KXTD
- Wagoner, Oklahoma; United States;
- Broadcast area: Tulsa metropolitan area
- Frequency: 1530 kHz
- Branding: Que Buena

Programming
- Format: Regional Mexican

Ownership
- Owner: Key Plus Broadcasting, LLC
- Sister stations: KCXR; KEMX; KTFR;

History
- First air date: March 1, 1966 (as KWOK)
- Former call signs: KWOK (1966–1984); KTCR (1984–1988);

Technical information
- Licensing authority: FCC
- Facility ID: 61985
- Class: D
- Power: 5,000 watts (daytime only)
- Transmitter coordinates: 35°58′30.4″N 95°29′30.9″W﻿ / ﻿35.975111°N 95.491917°W
- Translator: 104.9 K285GW (Tulsa)
- Repeater: 100.3 KCXR (Taft)

Links
- Public license information: Public file; LMS;
- Webcast: Listen live
- Website: www.quebuenatulsa.com

= KXTD =

Radio station in Wagoner, Oklahoma

KXTD (1530 AM, "Que Buena") is a radio station licensed to Wagoner, Oklahoma, United States, serving the Tulsa metropolitan area.
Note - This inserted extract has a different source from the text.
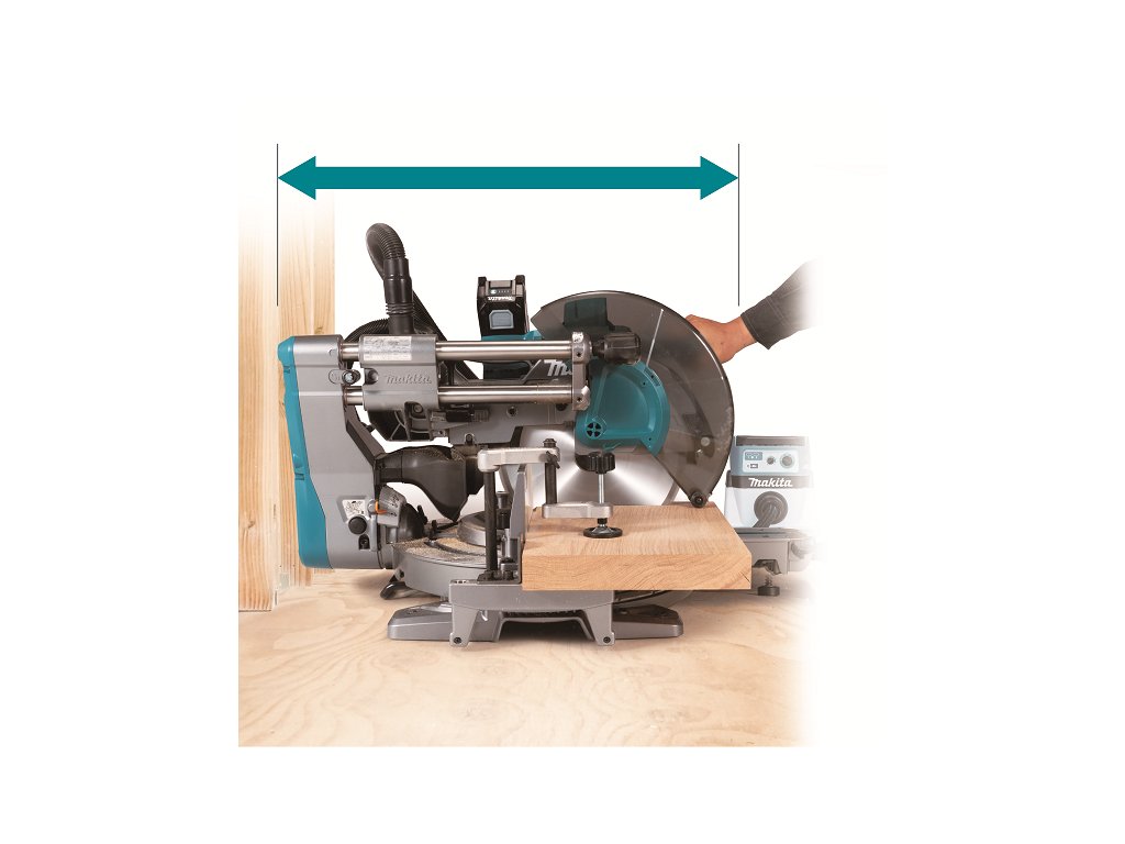 - Nové řešení posunu pilového kotouče, které nevyžaduje prostor za pilou
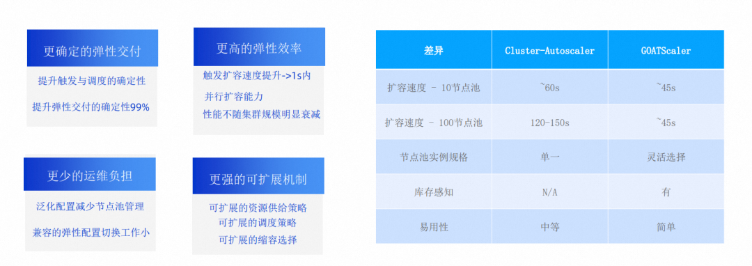 cluster-autoscaler 交付的不确定性、运维复杂性以及不够快的弹性速度、相对闭环的生态是很多开发者对于生产环境开启弹性的 4 个最大的顾虑。为了解决这些顾虑我们研发了第二代节点伸缩产品——即时弹性。

The station is owned by Key Plus Broadcasting, LLC and airs a Regional Mexican music format. KXTD maintains studios (alongside KTFR) on East 31st Street, near South Garnett Road in Tulsa, with its transmitter located in Wagoner.

On March 1, 2015, Gaytan-Galvan LLC sold KXTD to Key Plus Broadcasting, LLC for $100,000.